Electrochemical Alkyne Semi‐Hydrogenation via Proton‐Coupled Electron Transfer on Cu(111) Surface

Abstract Electrocatalytic alkyne semi‐hydrogenation (EASH) powered by renewable electricity using water as a hydrogen donor provides a sustainable alternative to conventional thermocatalysis. However, the current EASH systems predominantly follow hydrogen atom transfer (HAT) pathways, which are prone to over‐hydrogenation and at the same time compete with the hydrogen evolution reaction. In this work, we report a proton‐coupled electron transfer (PCET) mechanism enabled on Cu(111) surface for highly efficient and selective EASH. Well‐defined two‐dimensional Cu nanosheets with exposed (111) facets achieve > 98% selectivity for electrochemical semi‐hydrogenation of 4‐aminophenylacetylene to 4‐vinylphenylamine in a membrane electrode assembly reactor.
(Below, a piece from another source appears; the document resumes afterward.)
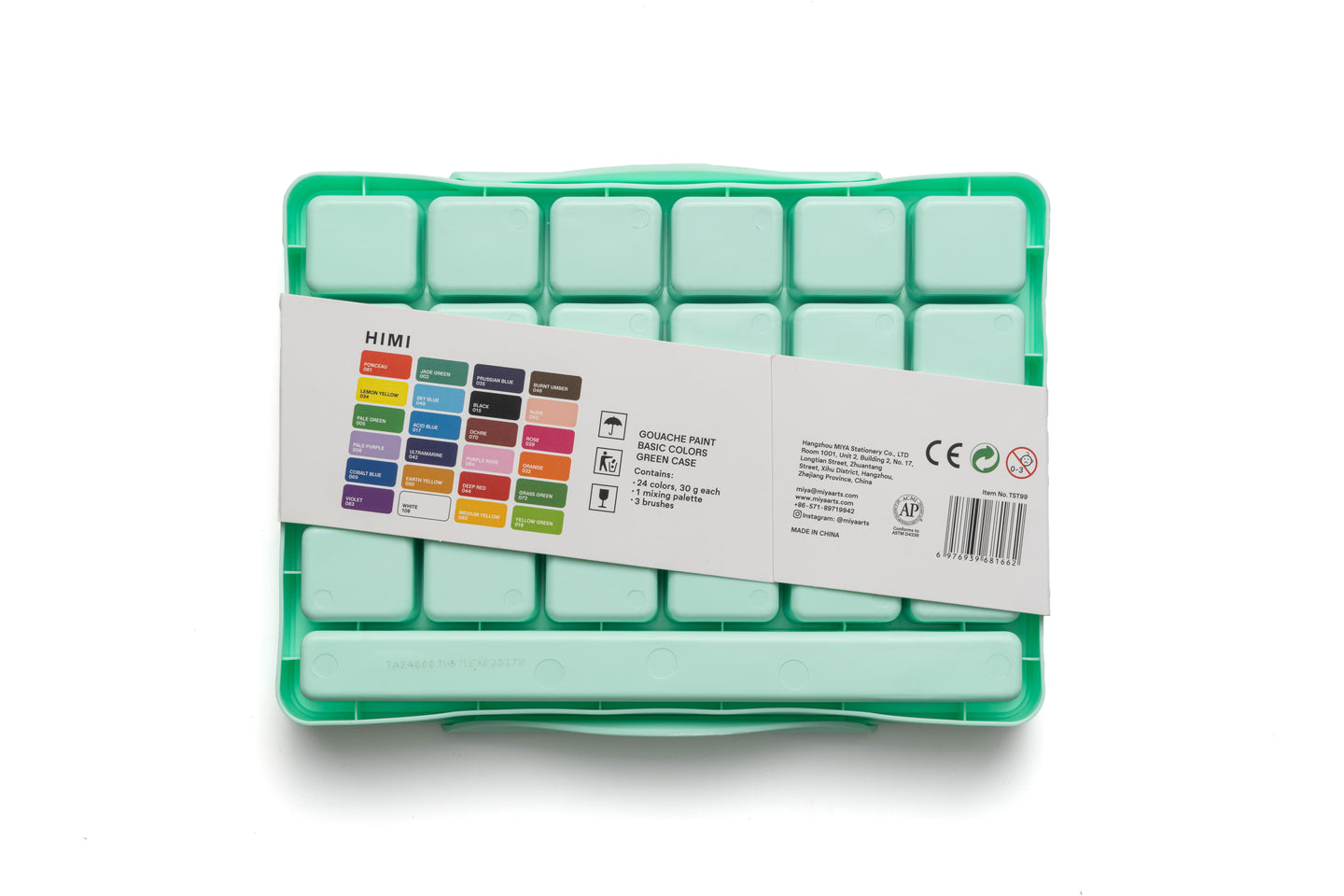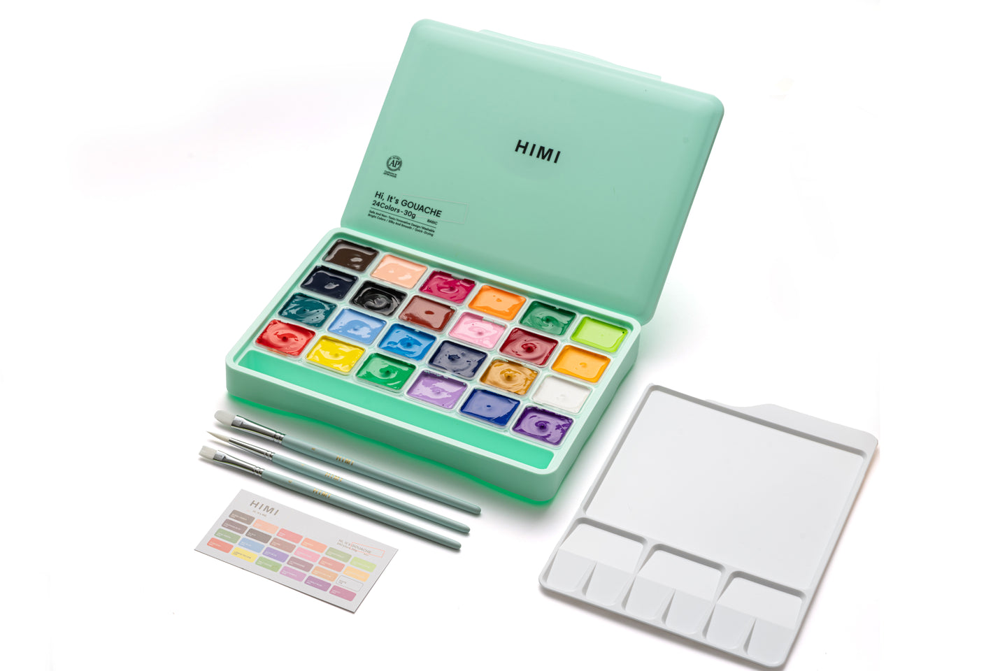 HIMI Jelly Cup Gouache Set 24 Paint Colours, 3 Brushes, Paint Pallete, Green Case, Add Water To Reactivate, Smooth, Rich Colours, Gift, Artist Art Supplies, Large Scale Art Work To Fine Details

The Cu nanosheets can also efficiently remove 1%–8% alkyne impurities in alkene and exhibit broad substrate scope, stereoselectivity, as well as operational stability. In situ Raman spectroscopy measurements reveal that, during the PCET‐mediated EASH, the covalent adsorption of alkynes and their conversion to weakly bound planar intermediates facilitate the EASH process and suppress over‐hydrogenation. Interfacial K + ‐structured and linearly hydrogen‐bonded water species further enhance EASH selectivity via proton supply and steric modulation. Radical scavenging and kinetic isotope effect studies, along with theoretical calculations, corroborate a PCET‐dominated mechanism on Cu(111) surface. This work establishes a PCET‐driven paradigm for selective hydrogenation beyond the conventional HAT pathways.